### Source material
──────

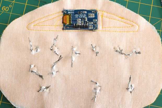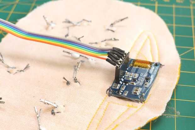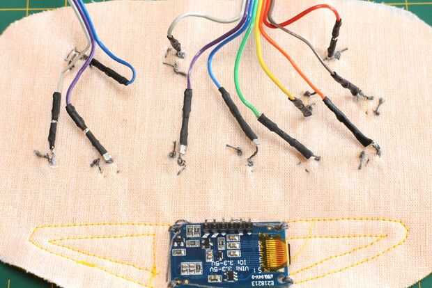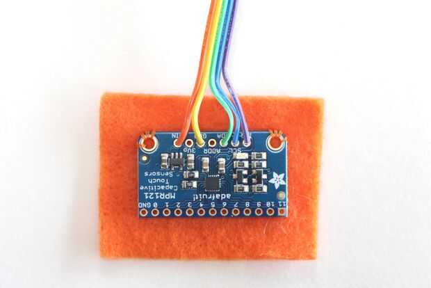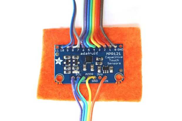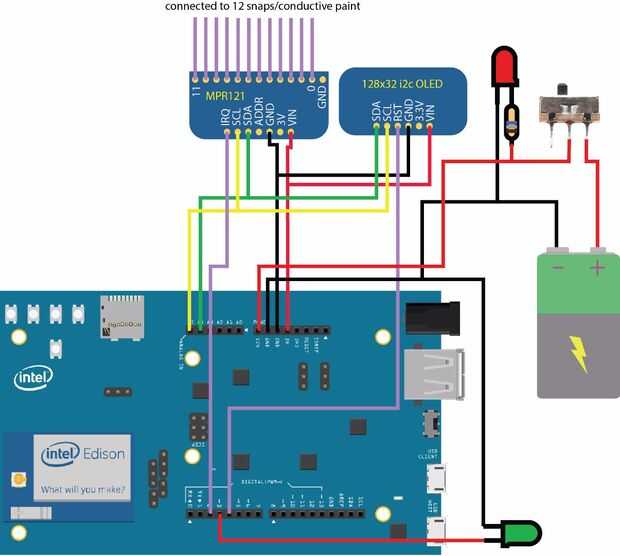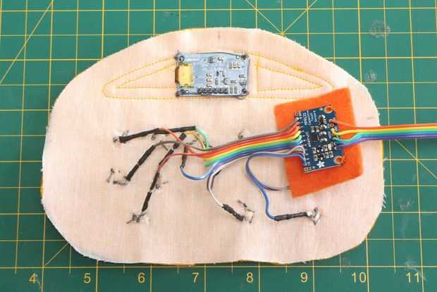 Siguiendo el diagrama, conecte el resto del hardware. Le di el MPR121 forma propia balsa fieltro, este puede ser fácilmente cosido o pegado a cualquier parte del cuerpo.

──────

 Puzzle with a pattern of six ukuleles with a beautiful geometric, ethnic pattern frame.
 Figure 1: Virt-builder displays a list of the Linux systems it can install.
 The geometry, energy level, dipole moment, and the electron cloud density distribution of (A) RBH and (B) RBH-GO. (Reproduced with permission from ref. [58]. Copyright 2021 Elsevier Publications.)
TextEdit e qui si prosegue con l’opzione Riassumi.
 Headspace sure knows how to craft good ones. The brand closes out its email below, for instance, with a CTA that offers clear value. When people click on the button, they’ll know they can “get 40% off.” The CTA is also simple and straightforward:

──────

### Your assignment
Which lines of the material contain "with"? List them.

### Response
 Puzzle with a pattern of six ukuleles with a beautiful geometric, ethnic pattern frame.
 The geometry, energy level, dipole moment, and the electron cloud density distribution of (A) RBH and (B) RBH-GO. (Reproduced with permission from ref. [58]. Copyright 2021 Elsevier Publications.)
 Headspace sure knows how to craft good ones. The brand closes out its email below, for instance, with a CTA that offers clear value. When people click on the button, they’ll know they can “get 40% off.” The CTA is also simple and straightforward:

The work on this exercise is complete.